Ukraine procured several scouting assets before the war began, two of which were the Turkish-made Bayraktar TB2 unmanned aerial vehicle (UAV) and the U.S.-made MK VI patrol boat. Ukraine started the war with an unclear number of TB2s, possibly between 12 and 36. These UAVs have a 27-hour endurance, 186-mile range, and carry four laser-guided munitions. UAVs endurance and armament enable them to function as scouts in the narrow confines of the Black Sea. UAVs can identify targets in conjunction with radar and electronic warfare assets, minimizing the risk of sinking neutral shipping with ASCMs. Not only can TB2s scout, they can also attack. Their guided munitions can damage radar and communication antennas, putting modern ships out of action.

The United States had a foreign military sales agreement with Ukraine for 16 MK VI patrol boats, 3 of which were scheduled for delivery in 2022. These 25-meter patrol boats are equipped with two remote-controlled 25mm guns. With a 600NM range and a speed of 45 knots, these boats could use speed, darkness, and littoral clutter to scout.12 In addition to scouting duties, these boats could be used in anti-scouting and offensive roles.

Since the development of the torpedo in the 1880s, small boats with torpedoes and later missiles have been able to challenge larger warships.
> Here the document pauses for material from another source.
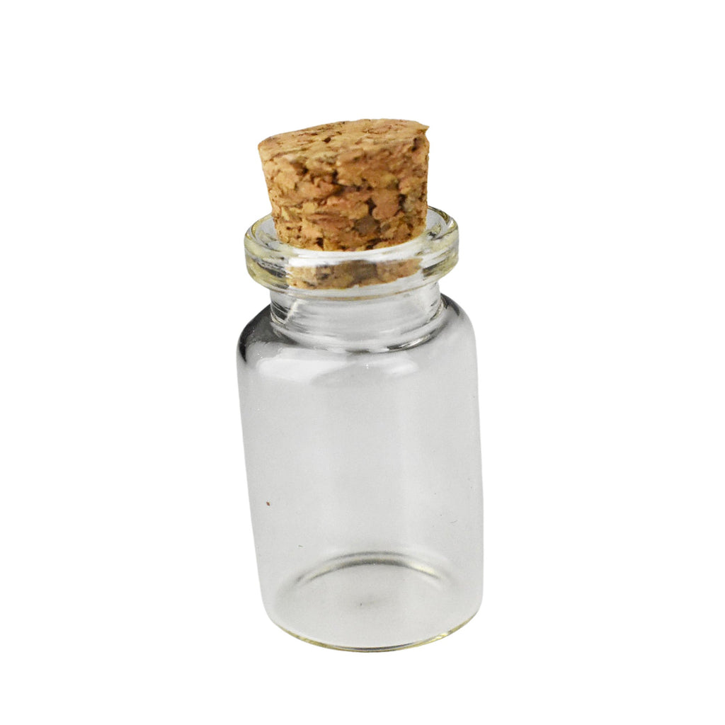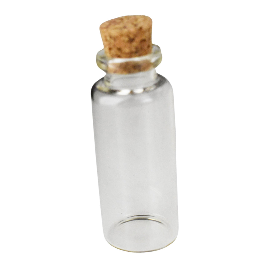 These mini glass containers are the perfect container for bead storage, small embellishments, or even a little note to someone special. These glass bottles are made from real glass with a cork lid on top and come in various sizes. These containers will look beautiful sitting on your craft table or desk! Large Bottle: Length: 2.75" Width: 1" Second Bottle: Length: 2.5" Width: 0.75" Third Bottle: Length: 2" Width: 0.65" Smallest Bottle: Length: 1.75" Width: 0.5"

These boats are fast and can undertake offensive action in the Black Sea littorals to disrupt Russian actions and impose costs. They are not designed to carry mines, but they can carry a 7-meter rigid hull inflatable boat (RHIB) in an angled stern ramp. Removal of the RHIB would free ramp space to carry and launch mines. Their range and speed allow them to travel the 158NM from Odessa to Sevastopol, mine the harbor, and utilize LAWs, Javelins, and other small missiles to disrupt Russian operations.

Conclusion

Russia has not yet moved amphibious forces towards Odessa, but it is likely they will in the future.13 President Lukashenko was photographed in early March with a map showing a planned landing to the east of Odessa. The assistance recommended in this article would help Ukraine challenge the Russians and allow them to contest control of the Black Sea.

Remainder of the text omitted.